Step 3: Computing Possible Flips

When you flip a card, the number of turned card increases, but it can be at most 4. The legal flips are
```
flip(0, 1).
flip(1, 2).
flip(2, 3).
flip(3, 4).
```
Now we want to express game state changes that involve legal flips, from [A X B] to [A Y B], where A and B are sublists and flip(X, Y) is true.
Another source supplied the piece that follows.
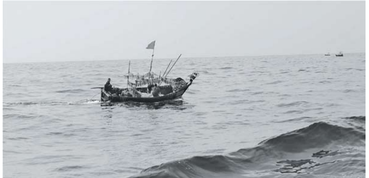
Маломерное судно неизвестной национальности под флагом КНР, ведущее незаконный промысел в ИЭЗ РФ 5.10.2011.

Таким образом, Китай установил не только экономический, но и военный контроль над северо-корейской прибрежной зоной в Японском море. И в этом Пекин весьма преуспел. Пхеньян этому мало препятствует, рассчитывая на импульс экономического развития и поддержку Китая в конфликтах КНДР с «третьими» странами: Республикой Корея, США, Японией и др. Вследствие значительного возросшего монопольного влияния Китая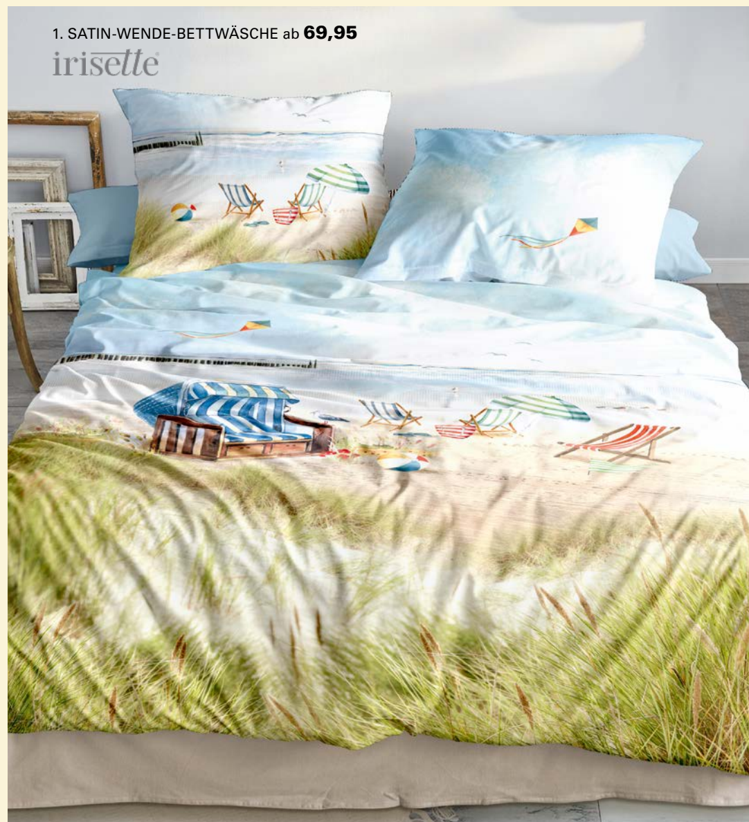
1. SATIN-WENDE-BETTWÄSCHE ab 69,95

Of course, that is sloppy notation which won't work in Prolog. How do you write that F is a list that starts with a list A, then has a single element X and is followed by a list B? (You need to use append.)
Now implement flipmove(F, T), to indicate that it is possible to change the state F to the state T by flipping.
```
flipmove(F, T) :- append(...), flip(X, Y), append(...).
```
What are all possible moves from the state [0, 1, 2, 3, 0, 0]?

Step 4: Winning the Game

As with the Nim game in the last lab, we want move(F, T) to indicate that it is legal to move from F to T, that is, the move is possible, and the resulting value is < 32. What is your definition of move(F, T)?
What are all legal moves from the state [3, 2, 3, 3, 0, 0]?
As before, we define
```
win(X) :- move(X,Y), not(win(Y)).
```
What happens when you run
```
win([0,0,0,0,0,0]).
```
You may have to wait a while for the answer.
Ok, that is nice. But what move should you make? Write a predicate next(X, Y) indicating that it is legal to move from X to Y, and Y doesn't make the other player win. (It is really easy.)
What is the next move you should make when you start with the initial position [0,0,0,0,0,0]?
Play with your buddy. You get to use Prolog, and your buddy has to figure out moves by hand. That's not fair. You get to start. That's really not fair. Record how you trounce your buddy.